If you have ever seen a flock of sheep pile up because one sheep could not walk past a particular rock or bush... same dynamic. All the other sheep are going "I can't see anything... but maybe.... what do you think??"
The natural urge to caution comes out and all the sheep are reduced to the level of the most conservative sheep. Nothing wrong with that. That strategy has good strong survival instincts built in.

This brings us back to cloud services.  How do those conservative choices apply with cloud services?

Look at risk management.  Cloud services are a risk managers worst nightmare.  How do you quantify and mitigate the risk of a business that you rely on going bust and disappearing into the night with your data and potentially a critical element in your business?

Same way businesses have always played the trust game. Contracts.

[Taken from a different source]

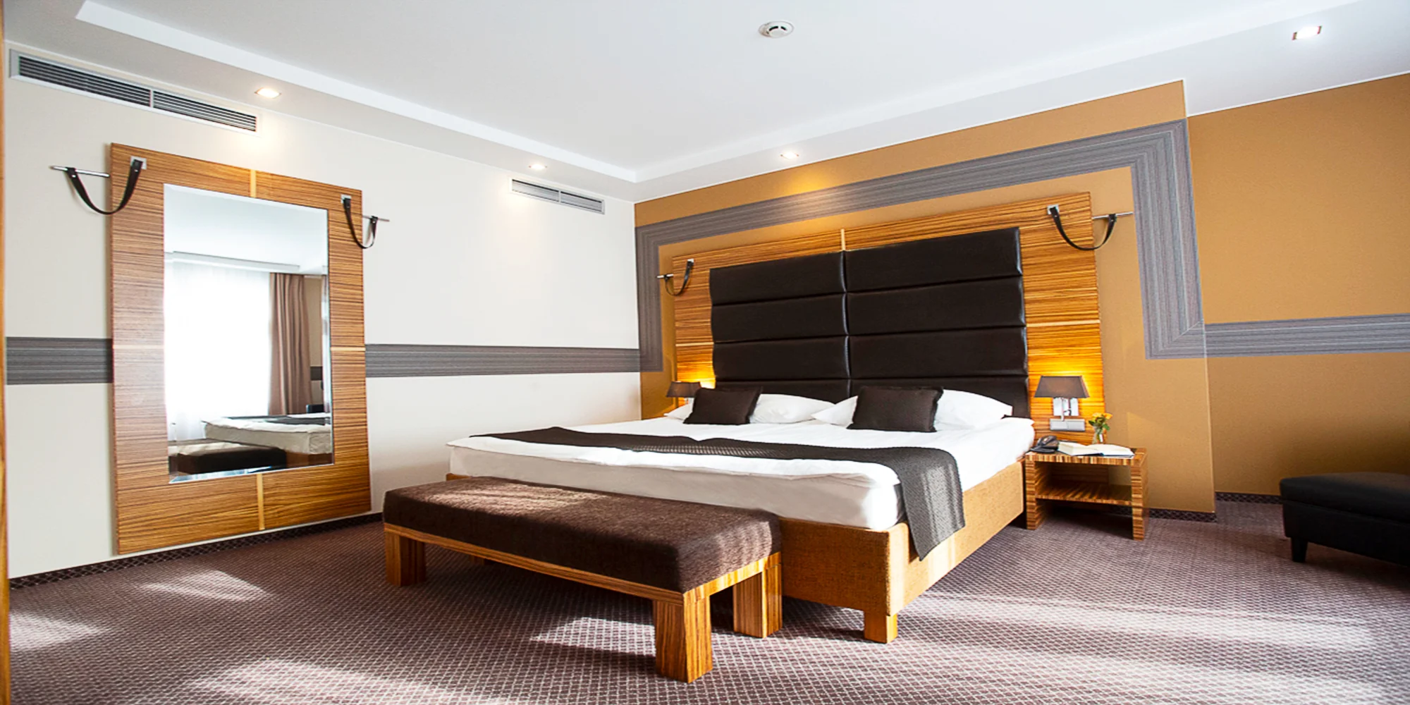 Čaká vás ubytovanie v dvojlôžkovej izbe s moderným nábytkom a klimatizáciou. Okrem toho v nej nájdete satelitnú TV a posedenie s minibarom. K dispozícii vám bude vlastná kúpeľňa so sprchovým kútom, toaletou a fénom na vlasy. Niektoré izby majú navyše aj balkón. V celom areáli hotela je bezplatné Wi‑Fi pripojenie na internet. A tešiť sa môžete i na bonus v podobe fľaše vína alebo drobného prekvapenia.

Behind every cloud service is a person who can have "penalty clauses" applied to them.  But for that to happen, you need to be able to find them and their jurisdiction.  You need to be able to contract agents in that jurisdiction who can act on your behalf. This is a game that has been played out in different ways countless times over the past centuries with traders selling things to people in "foreign" lands.  It always comes down to a choice. Even though there is a "deal" ( read contract) in place. It's only useful as long as things are going well.  When the deal goes sour, to actually apply the penalty clauses, there usually has to be someone who will "honor" the terms of the contract voluntarily.  This usually means there has to be a business or owner or the estate/assets etc who will "do the right thing".  When that comes to a pile of digital records and digital assets and your ability to contact agents in foreign parts is limited by you being a small to medium enterprise without a litigation department. What do you do? Who can you call?

Some thing to think about when purchasing cloud services.